Name: Anonymous 2014-05-30 17:21

>>69
It's not a perfect solution, however. You can waste a lot of memory through fragmentation. In fact, as a worst-case scenario, you could end up with 99% of ``free'' memory yet be unable to allocate anything larger than a word. The solutions vary:
- Compact the memory (mind you, this isn't GC, you're literally just moving blocks around without peeking inside them).
-- You'll have to peek inside objects to update the pointers though, so it's not a great solution. Either that, or use a pointer/handle table (which might or might not flush the cache more often that you'd like).
- Use regions.
-- This doesn't really prevent fragmentation, it merely restricts it somewhat.

Actually we should make a new thread on combating fragmentation.

Name: Anonymous 2014-05-30 18:33

>>70
Two words: generational GC.

Name: Anonymous 2014-05-30 20:13

>>68

AFAIK, the malloc coming with GCC also prefixes each allocated region with it's size. That is a huge overhead for small objects.

Name: Anonymous 2014-05-30 20:28

>>72
*glibc

Name: Anonymous 2014-05-30 20:29

>>72
I was talking about what is possible, not about what is currently being done.

Name: Anonymous 2014-05-30 20:46

Get N+1 bit RAM and use the extra bit for allocation status.

Name: Anonymous 2014-05-30 21:25

Refined the idea for purely functional languages (copying wont work with closure mutation):
- Break heap into N equally sized segments;
- When object A from segment S gets reference to object B from segment T, just deep copy the content of object B to S;
- When a segment grows past it's threshold size (1/2 of max size), collect it;
- If it cannot be collected, don use it for allocation anymore (unlink it from an alloc ring).

Name: Anonymous 2014-05-30 23:23

More ideas...

Break heap into master and slave segments. Then ensure the following laws hold:
- a slave can have only one master, but can own its own slaves
- an object in a master segment can reference any object of it's slave segments
- an object in a slave segment cant reference it's master objects

With all these invariants, we can efficiently collect any master segment, because it's objects are guaranteed to be free from references from its slaves (no cycles), while the references for its master are part of GC root set. The joy of slavery!

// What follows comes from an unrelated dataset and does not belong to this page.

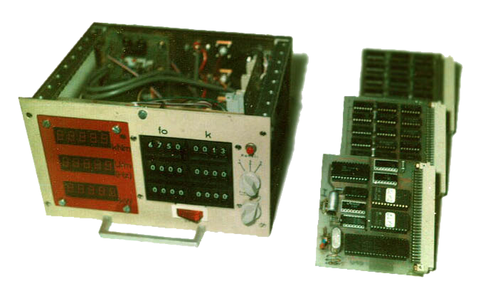 Hier ein frühes Werk, ein Mikroprozessor-gesteuertes Leistungsmessgerät, das bereits 1979 entwickelt wurde, um Drehmomentsignale von Schiffsantriebswellen auszuwerten, deren Drehzahl zu bestimmen, und mit einigen Umrechnungen und viertaktorienterten Mittelungen die momentan über die Schiffswelle übertragene Leistung zu errechnen und darzustellen. Später kam noch ein Streifendrucker hinzu, der das Protokollieren der Messwerte auf Spezialpapier erlaubte.

Name: Anonymous 2014-05-30 23:34

More ideas...

Break heap into leader and follower segments. Then ensure the following laws hold:
- a follower can have only one leader, but can have its own followers
- an object in a leader segment can reference any object of it's follower segments
- an object in a follower segment cant reference it's leader objects

With all these invariants, we can efficiently collect any leader segment, because it's objects are guaranteed to be free from references from its followers (no cycles), while the references for its leader are part of GC root set. The joy of leadership!

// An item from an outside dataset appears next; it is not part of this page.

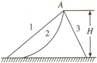 典题 2:如图所示,同一质量为 $ m $ 的物块分别沿三条不同的轨道由 $ A $ 点滑到同一水平面上,其中轨道 1 是粗糙的,轨道 2、3 是光滑的,$ A $ 离地面的竖直高度为 $ H $。下列说法正确的是(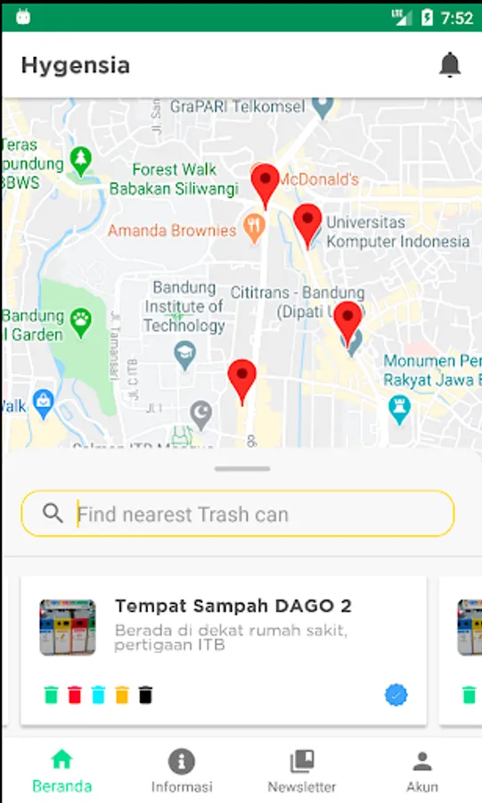 The nearest trashcan search application and also educates us more about rubbish. download the hygensia and register the trash can around you, and create a cleaner environment.

Name: Anonymous 2014-05-31 11:17

More ideas...

Break heap into white pimp and nigger whore segments. Then ensure the following laws hold:
- a nigger whore can have only one white pimp, but can own its own nigger whores
- an object in a white pimp segment can reference any object of it's nigger whore segments
- an object in a nigger whore segment cant reference it's white pimp objects

With all these invariants, we can efficiently collect any white pimp segment, because it's objects are guaranteed to be free from references from its nigger whores (no cycles), while the references for its white pimp are part of GC root set. The joy of nigger whorery!